Brégeac l'attendait au premier étage, dans son cabinet de travail, une grande pièce aux volets clos, et qu'une ampoule éclairait.
– Assieds-toi, dit-il.
– Non.
– Assieds-toi. Tu es fatiguée.
– Dites-moi tout de suite ce que vous avez à me dire, afin que je remonte chez moi.
Brégeac marcha quelques instants dans la pièce. Il montrait un visage agité et soucieux. Furtivement, il observait Aurélie, avec autant d'hostilité que de passion, comme un homme qui se heurte à une volonté indomptable. Il avait pitié d'elle aussi.
Il s'approcha, et lui mettant la main sur l'épaule, la fit asseoir de force.
– Tu as raison, dit-il, ce ne sera pas long. Ce que j'ai à te communiquer peut être dit en quelques mots. Tu décideras ensuite.
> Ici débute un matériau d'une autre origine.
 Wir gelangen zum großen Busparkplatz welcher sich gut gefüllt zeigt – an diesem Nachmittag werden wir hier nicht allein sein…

Ils étaient l'un près de l'autre, et plus éloignés cependant l'un de l'autre que deux adversaires, Brégeac le sentit. Toutes les paroles qu'il prononcerait ne feraient qu'élargir l'abîme entre eux. Il crispa les poings et articula :
– Alors tu ne comprends pas encore que nous sommes entourés d'ennemis, et que la situation ne peut pas durer ?
Elle dit entre ses dents :
– Quels ennemis ?
– Eh ! fit-il, tu ne l'ignores pas, Marescal... Marescal qui te déteste, et qui veut se venger.
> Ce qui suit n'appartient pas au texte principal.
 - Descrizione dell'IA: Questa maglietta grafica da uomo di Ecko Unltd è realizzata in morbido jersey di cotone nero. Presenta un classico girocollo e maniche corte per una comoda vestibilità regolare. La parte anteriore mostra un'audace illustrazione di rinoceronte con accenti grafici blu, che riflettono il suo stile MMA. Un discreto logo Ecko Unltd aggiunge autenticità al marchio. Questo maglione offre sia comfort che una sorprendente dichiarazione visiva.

Et tout bas, gravement, il expliqua :
– Écoute, Aurélie, on nous surveille depuis quelque temps. Au ministère on fouille mes tiroirs. Supérieurs et inférieurs, tout le monde est ligué contre moi. Pourquoi ? Parce qu'ils sont tous plus ou moins à la solde de Marescal, et parce que tous ils le savent puissant près du ministre. Or, toi et moi, nous sommes liés l'un à l'autre, ne fût-ce que par sa haine. Et nous sommes liés par notre passé, qui est le même, que tu le veuilles ou non. Je t'ai élevée. Je suis ton tuteur. Ma ruine c'est la tienne. Et je me demande même si ce n'est pas toi que l'on veut atteindre, pour des motifs que j'ignore. Oui, j'ai l'impression, à certains symptômes, qu'on me laisserait tranquille à la rigueur, mais que tu es menacée directement.
Elle parut défaillir.
– Quels symptômes ?
Il répondit :
– C'est pis que cela. J'ai reçu une lettre anonyme sur papier du ministère... une lettre absurde, incohérente, où je suis averti que des poursuites vont commencer contre toi.
Elle eut l'énergie de dire :
– Des poursuites ? Vous êtes fou ! Et c'est parce qu'une lettre anonyme ?...
– Oui, je sais, fit-il. Quelque subalterne qui aura recueilli un de ces bruits stupides... Mais, tout de même, Marescal est capable de toutes les machinations.
– Si vous avez peur, allez-vous-en.
– C'est pour toi que j'ai peur Aurélie.
– Je n'ai rien à craindre.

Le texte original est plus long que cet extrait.